## Available data
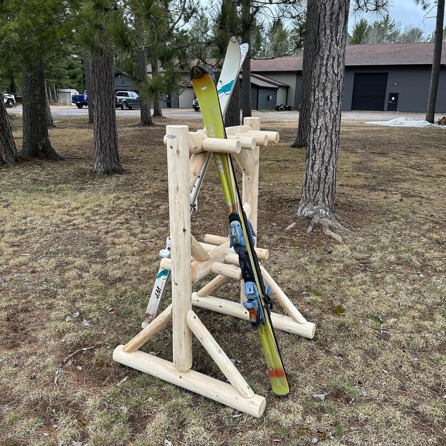 - HANDMADE IN NORTHERN WISCONSIN BY LOG ARTISANS: Each rack is handcrafted in Wisconsin by skilled log artisans with decades of experience. Designed for reliable ski storage rack for garage or outdoor use, it reflects attention to detail and durable construction. Proudly made in the USA, itโs a fitting choice for anyone needing a dependable ski holder, snowboard stand, or custom-built ski and snowboard storage system for their home or lodge.
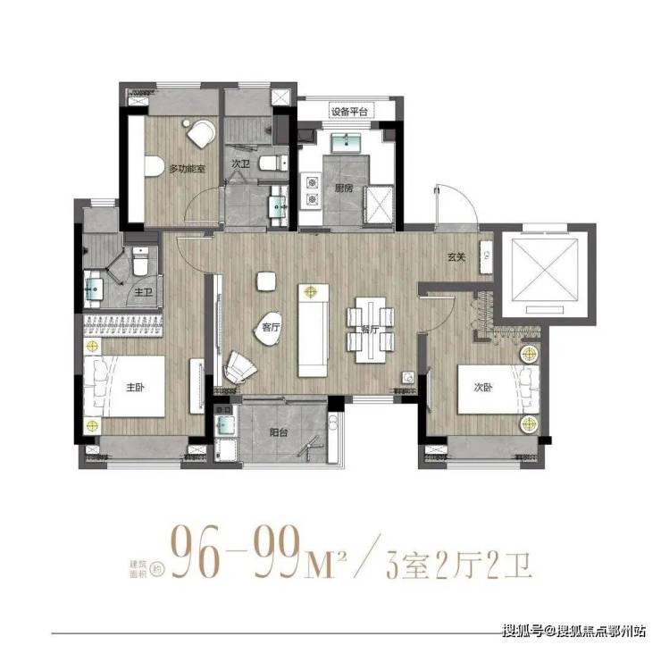 本次主推的建筑面积约96-99m²3室2厅2卫是本次的性价比王炸户型,三开间朝南超大面宽,双阳卧室南北通透,户型很抗打!建面约96m²户型样板间已开放!现可抢先预约体验!
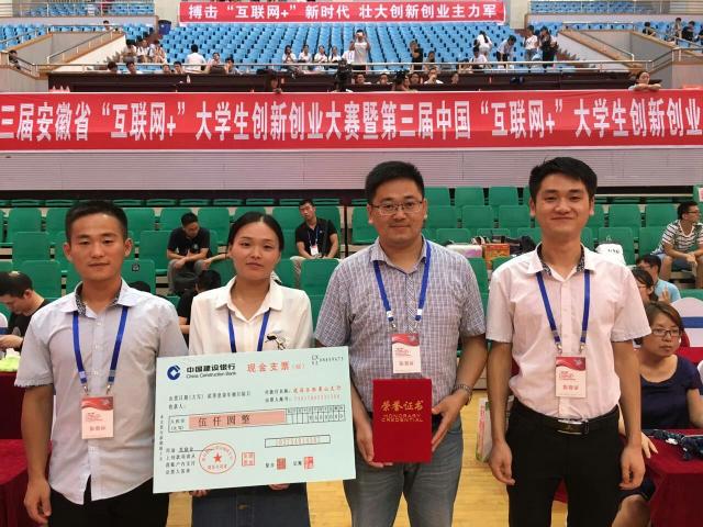 2017年暑假,在顧涓涓和胡國華兩位老師的指導下,我校2016級3名碩士研究生(吳亞、張紅夢、李思聰)組成團隊參加了第三屆中國“互聯網+”創新創業大賽。8月4日,該團隊奔赴安徽財經大學參加安徽省總決賽,經過激烈的角逐以優異的成績獲得安徽省金獎,隨后該團隊斗志昂揚、積極進取,經過堅持不懈的努力最終取得了國家銅獎的好成績。
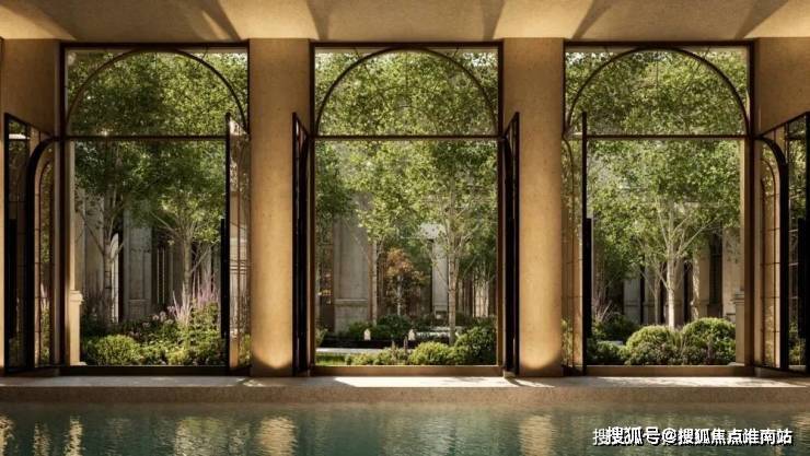NO.8花园泳池波光潋滟处,拱形门窗外花影摇曳,一池春水将四季芳菲溶成流动的油画。
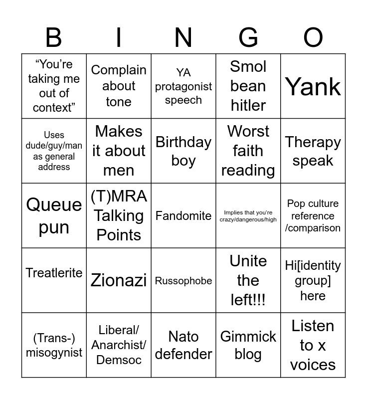 This bingo card has a free space and 24 words: Zionazi, Liberal/ Anarchist/ Demsoc, Birthday boy, (Trans-) misogynist, Yank, “You’re taking me out of context”, Uses dude/guy/man as general address, Complain about tone, Implies that you’re crazy/dangerous/high, Russophobe, Worst faith reading, Queue pun, Unite the left!!!, Hi[identity group] here, Makes it about men, Gimmick blog, Pop culture reference /comparison, YA protagonist speech, Therapy speak, (T)MRA Talking Points, Listen to x voices, Treatlerite, Smol bean hitler and Nato defender.
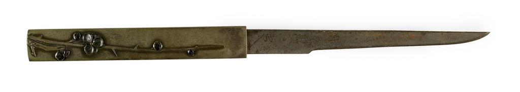| Keywords: Japanese - Kozuka with Plum Blossoms - Walters 5112734.jpg  A plum tree branch with blossoms and buds decorates this kozuka Plum blossoms are the first flower of spring This is part of a mounted set century 19 Edo-Meiji shibuichi sentoku cm 20 5 accession number 51 1273 4 79557 William T / Henry Walters Collection Baltimore date and mode of acquisition unknown Walters Art Museum Henry Walters Acquired by Willam T or Henry Walters none place of origin Japan Walters Art Museum license Kozuka in the Walters Art Museum Media contributed by the Walters Art Museum needs category review |
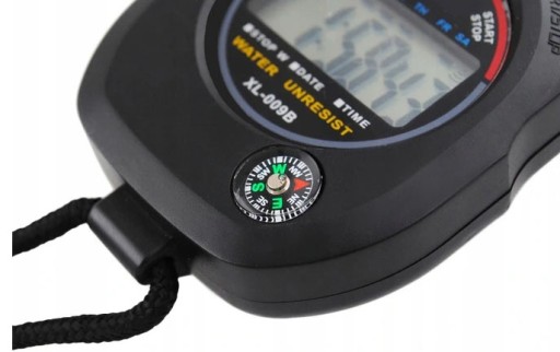 Цифровий секундомір також має вбудований компас, який є надзвичайно корисним гаджетом під час велосипедних та піших походів. Секундомір з компасом буде незамінний в горах або в лісі. Секундомір із компасом також містить корисну функцію будильника, годинника та календаря. Тому ми можемо встановити поточний час і дату в цифровому секундомірі, а також виміряти час і перевірити наше поточне положення відносно сторін світу на великому дисплеї. Надзвичайно функціональний цифровий секундомір - це корисний аксесуар, який завжди варто мати під рукою під час занять спортом або подорожей.
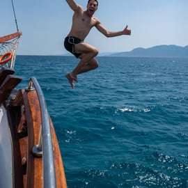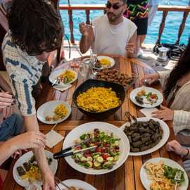 Au cours de notre croisière, nos invités pourront profiter d'un festin traditionnel grec à bord. Savourez un buffet méditerranéen qui met en valeur les ingrédients les plus frais de la région. Complétez votre repas avec des boissons non alcoolisées, de la bière et du vin à volonté, tout en vous relaxant sur le pont et en admirant la vue panoramique.
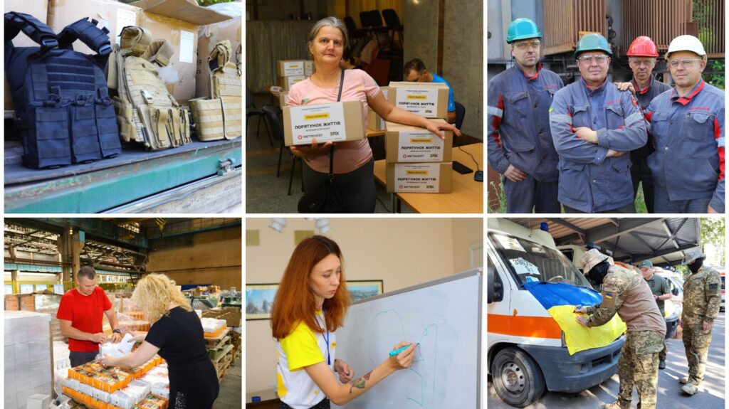 Так, Метінвест передав 1000 комплектів амуніції спецпризначення на суму 2,5 млн доларів, що складаються з легких бронежилетів з керамічними плитами, касок і тепловізорів, Головному управлінню розвідки Міністерства оборони України. Додатково розвідники отримали ще 120 тепловізоров на суму 15 млн грн. Сухопутним військам передано понад 60 дронів і 50 комплектів приладів нічного бачення та спецкасок загальною вартістю 10 млн грн. «Запоріжсталь» щотижня передає сотні й тисячі бронежилетів нашим оборонцям. А нещодавно «Метінвест» розпочав безоплатно надавати бронепластини військовим – необхідно лише звернутися з офіційним запитом. Не забуваємо і про фортифікацію – більше половини протитанкових їжаків в Україні виготовлені з металу Метінвест-СМЦ.
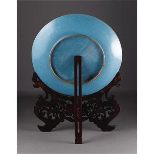 Large Chinese cloisonne enamel charger on stand
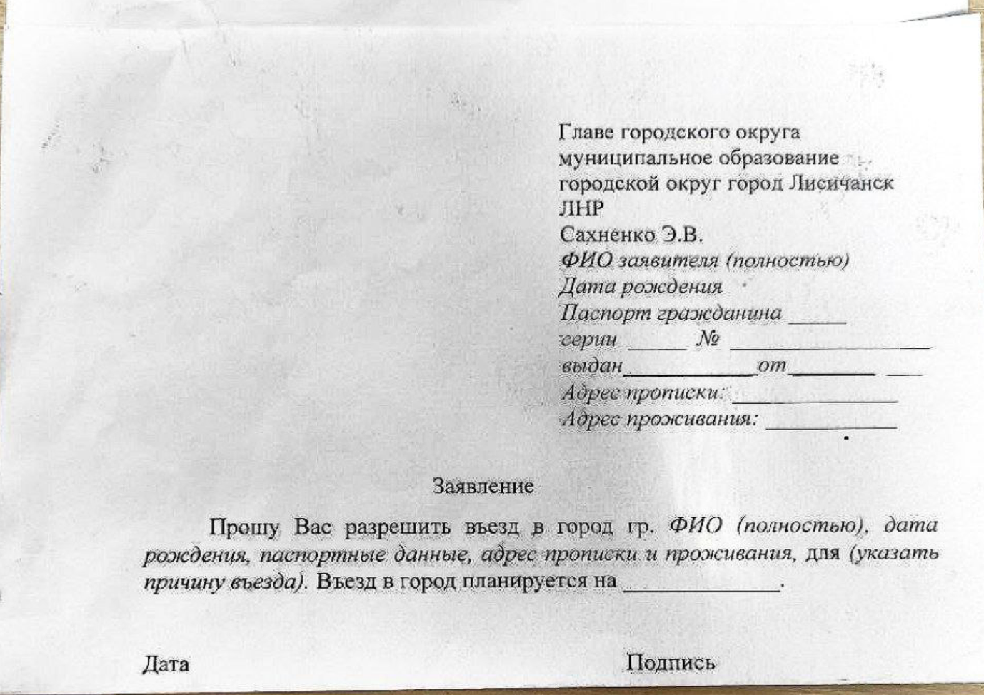 "Зміна від зміни на блокпостах відрізняється. Тому "без папірця ти комашка", і краще перестрахуватися і написати заяву на в'їзд", - пишуть у мережі рекомендацію для тих, у кого є майно на території Лисичанська, але немає прописки.
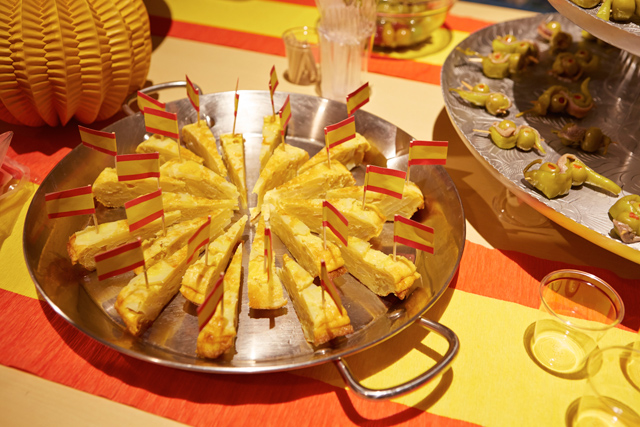 左は、日本でもよく知られているスペイン風オムレツ「トルディージャ」。やはり朝食でもよく食べられているのだそう。右は、オリーブとアンチョビを串で刺した「ピンチョス」。
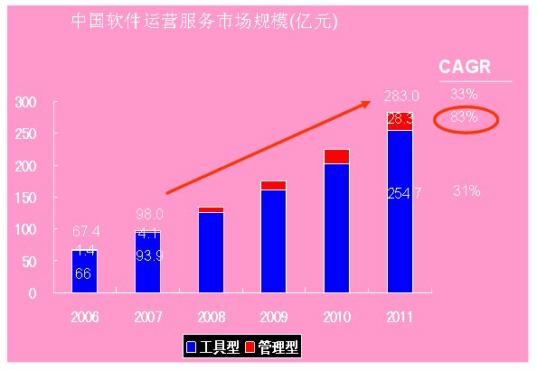 2006中國軟件運營服務(SaaS)產(chǎn)業(yè)的規(guī)模為68億元,2011年將突破400億,達到406億元,未來五年的復合增長率達到43%。這是國內ICT領域權威研究機構計世資訊(CCW Research)在其最新發(fā)布的《軟件業(yè)的下一個十年——中國軟件運營服務(SaaS)市場發(fā)展趨勢研究報告》中指出的。
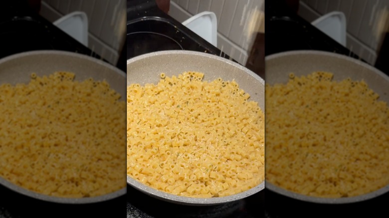 If you've never used ditalini pasta before, it's time to try it out. It's a tiny pasta with a hole in the middle. In fact, it's so tiny that you can fit a ton of them on a spoon — that makes for an interesting texture you're not going to get with other types of pasta. After toasting the ditalini just slightly in a well-oiled pan, you'll stir in some chicken broth. You can also use veggie broth if you want to keep things vegetarian. Heavy whipping cream and butter add to the richness of the sauce, which is seriously the star of the show in this viral TikTok recipe from @jazzypeachco, since you're not working with a ton of other ingredients.
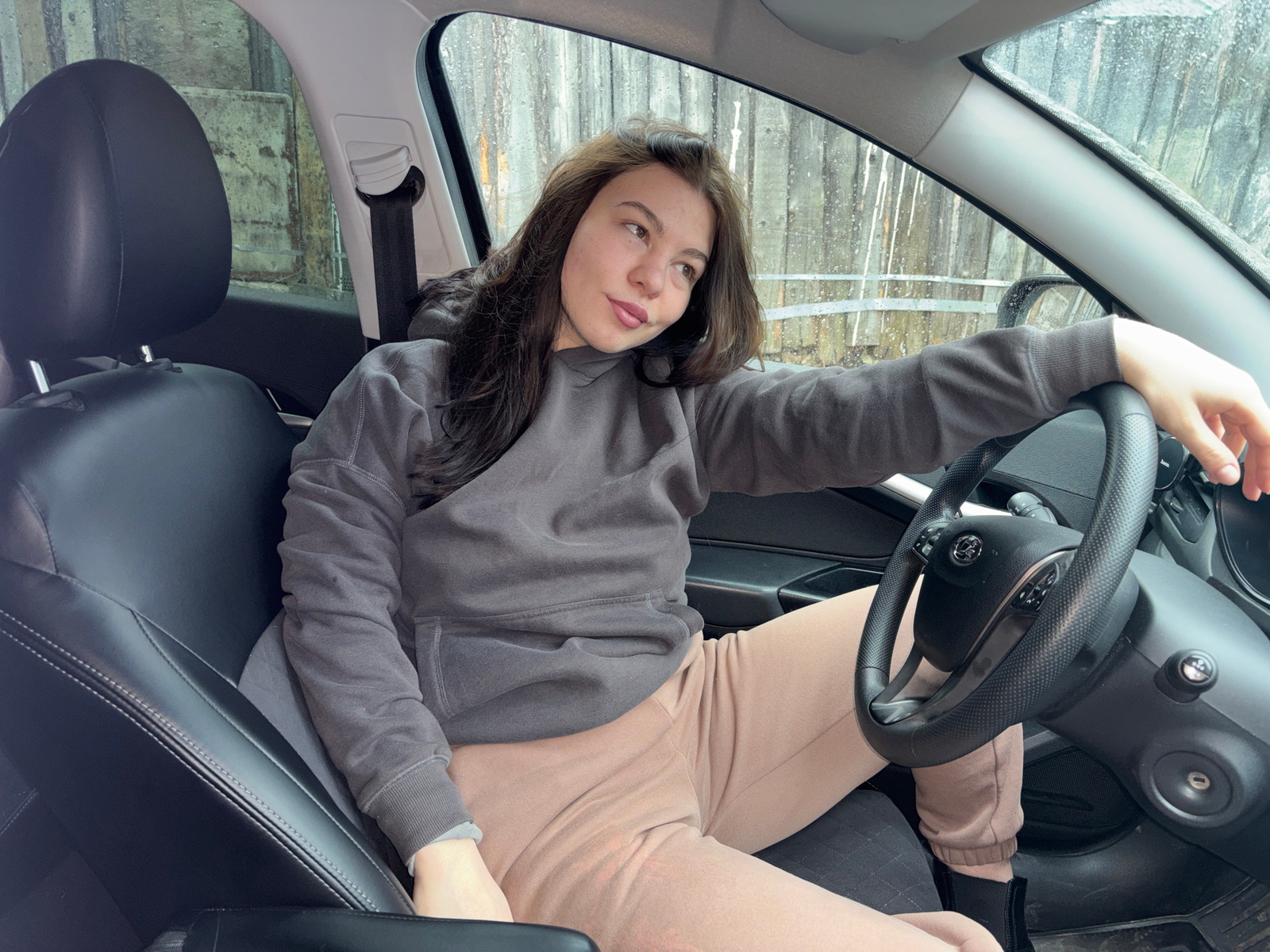 A woman is seated in the driver's seat of a car, facing the camera. She is wearing a grey long-sleeved hoodie and light brown sweatpants. The interior of the car is visible, including the steering whe…read more
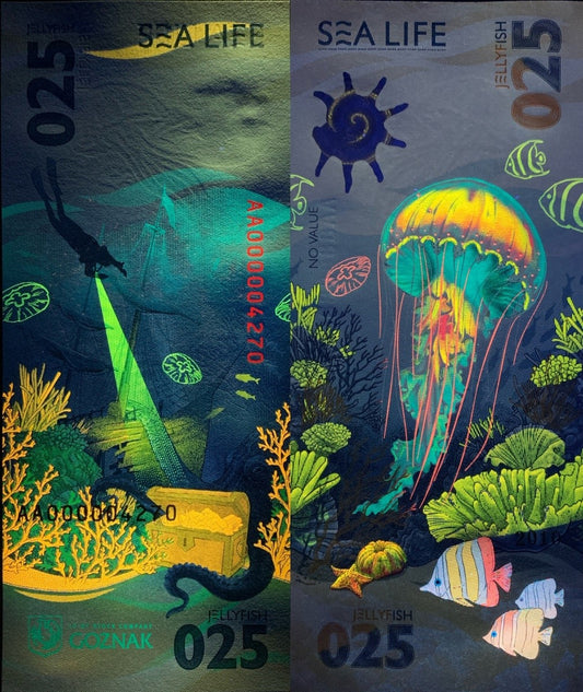 Goznak Sea Life Test Note 2025 New Jellyfish UNC AA Prefix LOW S/N 00000XXXX
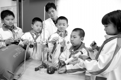 3月27日,青岛科技大学化学系大学生志愿者来到青岛市宁安路小学,指导小学生通过实验分解空气中的雾霾成分,教育小学生“寻回蓝天”做环保小卫士。
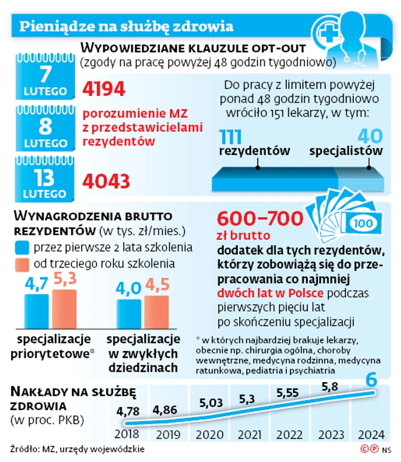 W podpisanym 7 lutego porozumieniu minister zdrowia zaproponował obok wyższych wynagrodzeń dla lekarzy i rezydentów również zwiększenie nakładów na służbę zdrowia do 6 proc. PKB do 2024 r., a także odbiurokratyzowanie pracy lekarzy i wprowadzenie sekretarek medycznych.

## What you should do
Repeat the listing above word for word. Do not include the pictures.

## Result
 - HANDMADE IN NORTHERN WISCONSIN BY LOG ARTISANS: Each rack is handcrafted in Wisconsin by skilled log artisans with decades of experience. Designed for reliable ski storage rack for garage or outdoor use, it reflects attention to detail and durable construction. Proudly made in the USA, itโs a fitting choice for anyone needing a dependable ski holder, snowboard stand, or custom-built ski and snowboard storage system for their home or lodge.
 本次主推的建筑面积约96-99m²3室2厅2卫是本次的性价比王炸户型,三开间朝南超大面宽,双阳卧室南北通透,户型很抗打!建面约96m²户型样板间已开放!现可抢先预约体验!
 2017年暑假,在顧涓涓和胡國華兩位老師的指導下,我校2016級3名碩士研究生(吳亞、張紅夢、李思聰)組成團隊參加了第三屆中國“互聯網+”創新創業大賽。8月4日,該團隊奔赴安徽財經大學參加安徽省總決賽,經過激烈的角逐以優異的成績獲得安徽省金獎,隨后該團隊斗志昂揚、積極進取,經過堅持不懈的努力最終取得了國家銅獎的好成績。
NO.8花园泳池波光潋滟处,拱形门窗外花影摇曳,一池春水将四季芳菲溶成流动的油画。
 This bingo card has a free space and 24 words: Zionazi, Liberal/ Anarchist/ Demsoc, Birthday boy, (Trans-) misogynist, Yank, “You’re taking me out of context”, Uses dude/guy/man as general address, Complain about tone, Implies that you’re crazy/dangerous/high, Russophobe, Worst faith reading, Queue pun, Unite the left!!!, Hi[identity group] here, Makes it about men, Gimmick blog, Pop culture reference /comparison, YA protagonist speech, Therapy speak, (T)MRA Talking Points, Listen to x voices, Treatlerite, Smol bean hitler and Nato defender.
| Keywords: Japanese - Kozuka with Plum Blossoms - Walters 5112734.jpg  A plum tree branch with blossoms and buds decorates this kozuka Plum blossoms are the first flower of spring This is part of a mounted set century 19 Edo-Meiji shibuichi sentoku cm 20 5 accession number 51 1273 4 79557 William T / Henry Walters Collection Baltimore date and mode of acquisition unknown Walters Art Museum Henry Walters Acquired by Willam T or Henry Walters none place of origin Japan Walters Art Museum license Kozuka in the Walters Art Museum Media contributed by the Walters Art Museum needs category review |
 Цифровий секундомір також має вбудований компас, який є надзвичайно корисним гаджетом під час велосипедних та піших походів. Секундомір з компасом буде незамінний в горах або в лісі. Секундомір із компасом також містить корисну функцію будильника, годинника та календаря. Тому ми можемо встановити поточний час і дату в цифровому секундомірі, а також виміряти час і перевірити наше поточне положення відносно сторін світу на великому дисплеї. Надзвичайно функціональний цифровий секундомір - це корисний аксесуар, який завжди варто мати під рукою під час занять спортом або подорожей.
 Au cours de notre croisière, nos invités pourront profiter d'un festin traditionnel grec à bord. Savourez un buffet méditerranéen qui met en valeur les ingrédients les plus frais de la région. Complétez votre repas avec des boissons non alcoolisées, de la bière et du vin à volonté, tout en vous relaxant sur le pont et en admirant la vue panoramique.
 Так, Метінвест передав 1000 комплектів амуніції спецпризначення на суму 2,5 млн доларів, що складаються з легких бронежилетів з керамічними плитами, касок і тепловізорів, Головному управлінню розвідки Міністерства оборони України. Додатково розвідники отримали ще 120 тепловізоров на суму 15 млн грн. Сухопутним військам передано понад 60 дронів і 50 комплектів приладів нічного бачення та спецкасок загальною вартістю 10 млн грн. «Запоріжсталь» щотижня передає сотні й тисячі бронежилетів нашим оборонцям. А нещодавно «Метінвест» розпочав безоплатно надавати бронепластини військовим – необхідно лише звернутися з офіційним запитом. Не забуваємо і про фортифікацію – більше половини протитанкових їжаків в Україні виготовлені з металу Метінвест-СМЦ.
 Large Chinese cloisonne enamel charger on stand
 "Зміна від зміни на блокпостах відрізняється. Тому "без папірця ти комашка", і краще перестрахуватися і написати заяву на в'їзд", - пишуть у мережі рекомендацію для тих, у кого є майно на території Лисичанська, але немає прописки.
 左は、日本でもよく知られているスペイン風オムレツ「トルディージャ」。やはり朝食でもよく食べられているのだそう。右は、オリーブとアンチョビを串で刺した「ピンチョス」。
 2006中國軟件運營服務(SaaS)產(chǎn)業(yè)的規(guī)模為68億元,2011年將突破400億,達到406億元,未來五年的復合增長率達到43%。這是國內ICT領域權威研究機構計世資訊(CCW Research)在其最新發(fā)布的《軟件業(yè)的下一個十年——中國軟件運營服務(SaaS)市場發(fā)展趨勢研究報告》中指出的。
 If you've never used ditalini pasta before, it's time to try it out. It's a tiny pasta with a hole in the middle. In fact, it's so tiny that you can fit a ton of them on a spoon — that makes for an interesting texture you're not going to get with other types of pasta. After toasting the ditalini just slightly in a well-oiled pan, you'll stir in some chicken broth. You can also use veggie broth if you want to keep things vegetarian. Heavy whipping cream and butter add to the richness of the sauce, which is seriously the star of the show in this viral TikTok recipe from @jazzypeachco, since you're not working with a ton of other ingredients.
 A woman is seated in the driver's seat of a car, facing the camera. She is wearing a grey long-sleeved hoodie and light brown sweatpants. The interior of the car is visible, including the steering whe…read more
 Goznak Sea Life Test Note 2025 New Jellyfish UNC AA Prefix LOW S/N 00000XXXX
 3月27日,青岛科技大学化学系大学生志愿者来到青岛市宁安路小学,指导小学生通过实验分解空气中的雾霾成分,教育小学生“寻回蓝天”做环保小卫士。
 W podpisanym 7 lutego porozumieniu minister zdrowia zaproponował obok wyższych wynagrodzeń dla lekarzy i rezydentów również zwiększenie nakładów na służbę zdrowia do 6 proc. PKB do 2024 r., a także odbiurokratyzowanie pracy lekarzy i wprowadzenie sekretarek medycznych.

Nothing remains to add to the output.